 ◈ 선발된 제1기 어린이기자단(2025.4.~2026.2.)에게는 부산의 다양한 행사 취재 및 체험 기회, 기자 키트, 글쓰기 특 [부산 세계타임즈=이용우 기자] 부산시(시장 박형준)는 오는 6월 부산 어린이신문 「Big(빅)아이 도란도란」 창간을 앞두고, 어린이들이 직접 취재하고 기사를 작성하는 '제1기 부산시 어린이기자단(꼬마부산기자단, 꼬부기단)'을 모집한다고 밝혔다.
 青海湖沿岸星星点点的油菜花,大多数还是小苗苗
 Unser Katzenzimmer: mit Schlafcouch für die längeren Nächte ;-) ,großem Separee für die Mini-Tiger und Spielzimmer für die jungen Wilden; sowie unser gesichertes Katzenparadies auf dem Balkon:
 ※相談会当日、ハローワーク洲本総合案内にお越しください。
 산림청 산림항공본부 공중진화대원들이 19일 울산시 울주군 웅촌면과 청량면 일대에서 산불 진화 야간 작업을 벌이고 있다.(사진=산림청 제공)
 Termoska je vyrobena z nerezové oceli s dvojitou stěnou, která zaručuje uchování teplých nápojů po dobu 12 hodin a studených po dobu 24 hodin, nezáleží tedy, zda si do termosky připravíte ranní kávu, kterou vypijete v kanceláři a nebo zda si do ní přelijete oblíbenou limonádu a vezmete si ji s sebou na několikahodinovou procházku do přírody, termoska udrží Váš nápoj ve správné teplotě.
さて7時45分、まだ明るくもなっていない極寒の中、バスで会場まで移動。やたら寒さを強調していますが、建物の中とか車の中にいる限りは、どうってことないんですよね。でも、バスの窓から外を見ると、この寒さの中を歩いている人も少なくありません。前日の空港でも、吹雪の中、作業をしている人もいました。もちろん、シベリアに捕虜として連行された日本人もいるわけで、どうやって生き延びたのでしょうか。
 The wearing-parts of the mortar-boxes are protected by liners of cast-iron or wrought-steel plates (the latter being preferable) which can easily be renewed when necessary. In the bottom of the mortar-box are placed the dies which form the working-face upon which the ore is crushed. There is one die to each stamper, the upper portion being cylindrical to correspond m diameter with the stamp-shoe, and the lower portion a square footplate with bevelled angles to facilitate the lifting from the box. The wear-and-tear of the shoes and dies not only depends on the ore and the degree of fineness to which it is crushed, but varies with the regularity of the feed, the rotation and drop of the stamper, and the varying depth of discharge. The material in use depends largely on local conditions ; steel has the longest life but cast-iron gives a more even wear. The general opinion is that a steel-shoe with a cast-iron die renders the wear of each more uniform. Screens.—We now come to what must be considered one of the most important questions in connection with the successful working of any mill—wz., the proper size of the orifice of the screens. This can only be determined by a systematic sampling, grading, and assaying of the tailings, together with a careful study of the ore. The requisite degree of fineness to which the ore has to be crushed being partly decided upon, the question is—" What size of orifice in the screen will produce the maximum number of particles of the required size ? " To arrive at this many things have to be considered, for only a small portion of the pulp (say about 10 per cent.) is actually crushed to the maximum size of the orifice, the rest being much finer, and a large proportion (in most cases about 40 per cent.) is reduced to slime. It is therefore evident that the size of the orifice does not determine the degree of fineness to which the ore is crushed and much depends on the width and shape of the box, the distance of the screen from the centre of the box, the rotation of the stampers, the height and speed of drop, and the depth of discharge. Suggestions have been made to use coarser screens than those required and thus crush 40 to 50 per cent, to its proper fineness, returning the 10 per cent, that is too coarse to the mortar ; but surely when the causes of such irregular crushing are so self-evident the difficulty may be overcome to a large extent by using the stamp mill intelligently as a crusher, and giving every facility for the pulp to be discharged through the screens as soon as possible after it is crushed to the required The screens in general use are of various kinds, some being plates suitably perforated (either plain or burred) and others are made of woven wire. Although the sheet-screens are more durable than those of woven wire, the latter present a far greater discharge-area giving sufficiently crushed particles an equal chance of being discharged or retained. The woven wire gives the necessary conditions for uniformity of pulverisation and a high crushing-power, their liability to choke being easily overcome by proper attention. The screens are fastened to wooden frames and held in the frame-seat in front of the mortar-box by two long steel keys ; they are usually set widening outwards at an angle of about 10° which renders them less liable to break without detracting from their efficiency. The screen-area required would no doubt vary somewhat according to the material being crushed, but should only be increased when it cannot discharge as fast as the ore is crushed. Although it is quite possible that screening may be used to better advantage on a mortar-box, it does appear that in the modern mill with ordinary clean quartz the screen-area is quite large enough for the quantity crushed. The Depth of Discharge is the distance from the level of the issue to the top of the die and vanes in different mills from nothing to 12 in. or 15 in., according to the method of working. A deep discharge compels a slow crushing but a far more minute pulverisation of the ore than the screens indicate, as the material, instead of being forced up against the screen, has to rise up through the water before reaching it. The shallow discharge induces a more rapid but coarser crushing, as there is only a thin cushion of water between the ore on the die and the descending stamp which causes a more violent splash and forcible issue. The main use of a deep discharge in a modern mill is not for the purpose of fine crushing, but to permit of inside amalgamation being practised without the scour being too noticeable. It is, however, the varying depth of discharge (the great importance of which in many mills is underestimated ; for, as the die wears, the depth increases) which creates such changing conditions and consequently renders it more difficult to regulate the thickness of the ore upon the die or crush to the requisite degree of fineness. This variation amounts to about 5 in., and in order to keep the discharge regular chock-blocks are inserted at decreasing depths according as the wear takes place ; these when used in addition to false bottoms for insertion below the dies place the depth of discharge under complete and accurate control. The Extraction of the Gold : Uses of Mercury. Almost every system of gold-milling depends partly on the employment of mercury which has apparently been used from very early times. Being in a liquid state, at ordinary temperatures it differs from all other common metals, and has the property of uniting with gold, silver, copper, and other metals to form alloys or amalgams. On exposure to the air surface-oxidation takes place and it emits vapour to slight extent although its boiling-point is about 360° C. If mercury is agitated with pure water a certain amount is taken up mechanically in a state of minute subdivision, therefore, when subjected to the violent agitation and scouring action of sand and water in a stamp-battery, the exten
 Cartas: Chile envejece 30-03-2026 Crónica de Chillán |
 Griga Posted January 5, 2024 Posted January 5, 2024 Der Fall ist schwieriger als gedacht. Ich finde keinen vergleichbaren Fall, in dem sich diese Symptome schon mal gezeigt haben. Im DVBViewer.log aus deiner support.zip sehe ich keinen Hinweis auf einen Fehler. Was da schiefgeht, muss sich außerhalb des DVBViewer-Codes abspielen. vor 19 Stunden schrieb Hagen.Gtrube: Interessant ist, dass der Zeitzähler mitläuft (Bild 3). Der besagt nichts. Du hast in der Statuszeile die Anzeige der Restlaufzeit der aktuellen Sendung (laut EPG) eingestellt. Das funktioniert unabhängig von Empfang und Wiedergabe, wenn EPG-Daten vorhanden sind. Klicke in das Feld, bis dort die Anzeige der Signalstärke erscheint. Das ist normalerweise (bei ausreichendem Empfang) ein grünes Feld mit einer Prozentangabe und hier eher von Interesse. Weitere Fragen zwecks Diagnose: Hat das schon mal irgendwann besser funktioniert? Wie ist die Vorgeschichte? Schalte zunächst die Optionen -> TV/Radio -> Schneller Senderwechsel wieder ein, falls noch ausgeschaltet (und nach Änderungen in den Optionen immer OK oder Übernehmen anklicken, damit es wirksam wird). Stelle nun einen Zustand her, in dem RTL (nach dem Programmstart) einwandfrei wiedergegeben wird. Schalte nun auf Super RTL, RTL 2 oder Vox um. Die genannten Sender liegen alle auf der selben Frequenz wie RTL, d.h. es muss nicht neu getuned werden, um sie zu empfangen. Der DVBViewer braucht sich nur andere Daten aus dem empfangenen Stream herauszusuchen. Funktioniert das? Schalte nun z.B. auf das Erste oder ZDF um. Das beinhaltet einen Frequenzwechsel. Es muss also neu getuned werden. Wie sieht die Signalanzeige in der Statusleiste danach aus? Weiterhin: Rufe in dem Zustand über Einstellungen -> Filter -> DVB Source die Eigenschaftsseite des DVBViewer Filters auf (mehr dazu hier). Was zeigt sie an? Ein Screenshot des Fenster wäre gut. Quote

******************************

• [Work request]
The first line of the records begins the span, and the line containing "さて7時45分、まだ明るくも" ends it. Reproduce that span exactly, both ends included.

• [Solved problem]
 ◈ 선발된 제1기 어린이기자단(2025.4.~2026.2.)에게는 부산의 다양한 행사 취재 및 체험 기회, 기자 키트, 글쓰기 특 [부산 세계타임즈=이용우 기자] 부산시(시장 박형준)는 오는 6월 부산 어린이신문 「Big(빅)아이 도란도란」 창간을 앞두고, 어린이들이 직접 취재하고 기사를 작성하는 '제1기 부산시 어린이기자단(꼬마부산기자단, 꼬부기단)'을 모집한다고 밝혔다.
 青海湖沿岸星星点点的油菜花,大多数还是小苗苗
 Unser Katzenzimmer: mit Schlafcouch für die längeren Nächte ;-) ,großem Separee für die Mini-Tiger und Spielzimmer für die jungen Wilden; sowie unser gesichertes Katzenparadies auf dem Balkon:
 ※相談会当日、ハローワーク洲本総合案内にお越しください。
 산림청 산림항공본부 공중진화대원들이 19일 울산시 울주군 웅촌면과 청량면 일대에서 산불 진화 야간 작업을 벌이고 있다.(사진=산림청 제공)
 Termoska je vyrobena z nerezové oceli s dvojitou stěnou, která zaručuje uchování teplých nápojů po dobu 12 hodin a studených po dobu 24 hodin, nezáleží tedy, zda si do termosky připravíte ranní kávu, kterou vypijete v kanceláři a nebo zda si do ní přelijete oblíbenou limonádu a vezmete si ji s sebou na několikahodinovou procházku do přírody, termoska udrží Váš nápoj ve správné teplotě.
さて7時45分、まだ明るくもなっていない極寒の中、バスで会場まで移動。やたら寒さを強調していますが、建物の中とか車の中にいる限りは、どうってことないんですよね。でも、バスの窓から外を見ると、この寒さの中を歩いている人も少なくありません。前日の空港でも、吹雪の中、作業をしている人もいました。もちろん、シベリアに捕虜として連行された日本人もいるわけで、どうやって生き延びたのでしょうか。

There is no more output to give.